As shown in Table 9, the prediction time horizons for advance prediction of AF in various studies vary, ranging from as short as 30 s to 5 min to as long as 2 weeks to 2 months. Overall, as the prediction time horizon extends, the prediction performance of the models generally declines. Extending the prediction window enables more precise and timely AF warnings but increases complexity and reduces model accuracy.

This paper adopts a median prediction time horizon from most existing studies and targets a 30-min advance prediction of PAAF. The model’s performance metrics outperform those of most comparable studies and effectively enables accurate prediction and early warning for patients with PAAF.

3.5. Visualization Analysis of Attention Weights

Grad-CAM is a classic deep learning technique for visualizing model decisions. Grad-CAM helps break the “black-box” nature of classification predictions and improves model interpretability. This paper uses Grad-CAM to explain visually the features learned by the multilevel attention model. The multilevel attention model assigns different weights to different time segments of ECG signals and helps the model focus on the most informative parts of the data signals.

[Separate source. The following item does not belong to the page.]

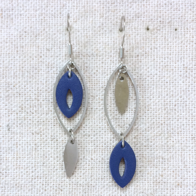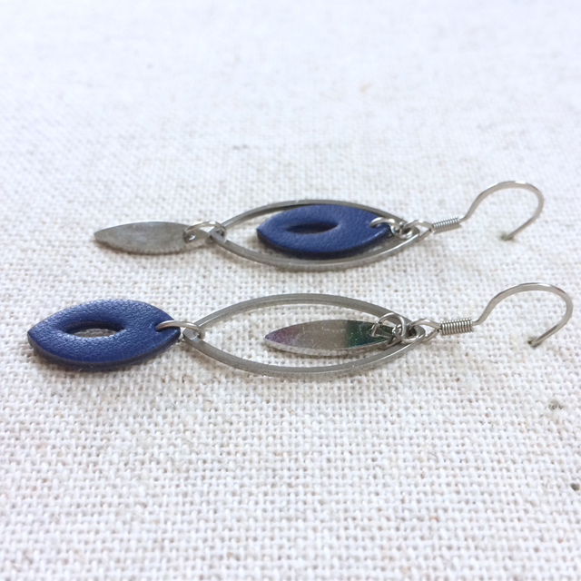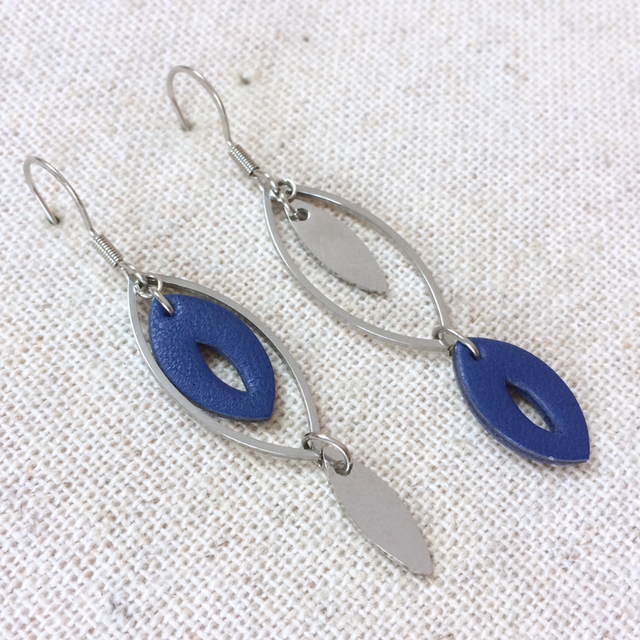 Boucles d’oreilles « Contrepoint » argentées, cuir bleu indigo

As shown in Figure 11, Grad-CAM is used to visualize the features learned by the model as heatmaps. Darker colors indicate segments of the ECG signal that receive higher attention weights from the model.

From Figure 11a, which corresponds to AF samples, the highlighted regions coincide with the disappearance of the P wave and the emergence of continuous, irregular F waves. This indicates that the model correctly attends to clinically relevant abnormalities when detecting AF. In contrast, Figure 11b shows normal ECGs, where the attention distribution is relatively uniform and primarily concentrated on the QRS complex. This suggests that for normal rhythms the model emphasizes ventricular depolarization, consistent with clinical interpretation.

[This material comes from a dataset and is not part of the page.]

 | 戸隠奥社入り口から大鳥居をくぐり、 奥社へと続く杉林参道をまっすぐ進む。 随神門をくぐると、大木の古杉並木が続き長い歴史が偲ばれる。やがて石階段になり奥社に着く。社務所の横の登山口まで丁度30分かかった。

These observations confirm that the proposed multilevel attention model learns features aligned with established clinical markers. The visualization thus demonstrates the model’s interpretability and its effectiveness in identifying abnormal atrial activity associated with AF.

4. Conclusions

This study proposed a hierarchical multiattention temporal fusion network integrating CNN and Bi-LSTM architectures for AF analysis. The model achieved high accuracy in classifying PAAF and PEAF (95.77%) and in predicting PAAF episodes 30 min before onset (96.36%). It incorporated lead-specific weighting, adaptive morphological feature extraction using CondConv, and rhythm-aware self-attention to capture discriminative ECG patterns. Grad-CAM visualizations confirmed its focus on clinical markers such as P-wave abnormalities and irregular RR intervals. The framework was validated on clinical data from the FZU-FPH database and achieved 94.31% accuracy, demonstrating good generalizability across clinical settings. However, the study has several limitations. Due to database constraints, only two-lead ECG signals were used, limiting the cardiac information available for analysis. The model also contains a relatively large number of parameters, which increases computational complexity. Future work could explore lightweight architectures and edge-computing deployment to enable real-time monitoring on wearable devices. Additionally, the analysis relied solely on ECG data; integrating multimodal information such as physiological signals and medical imaging may further enhance diagnostic accuracy. This study demonstrates the feasibility and effectiveness of combining multi-level attention mechanisms with temporal modeling for AF detection and prediction. Future extensions in these directions are expected to improve both the clinical utility and interpretability of the framework.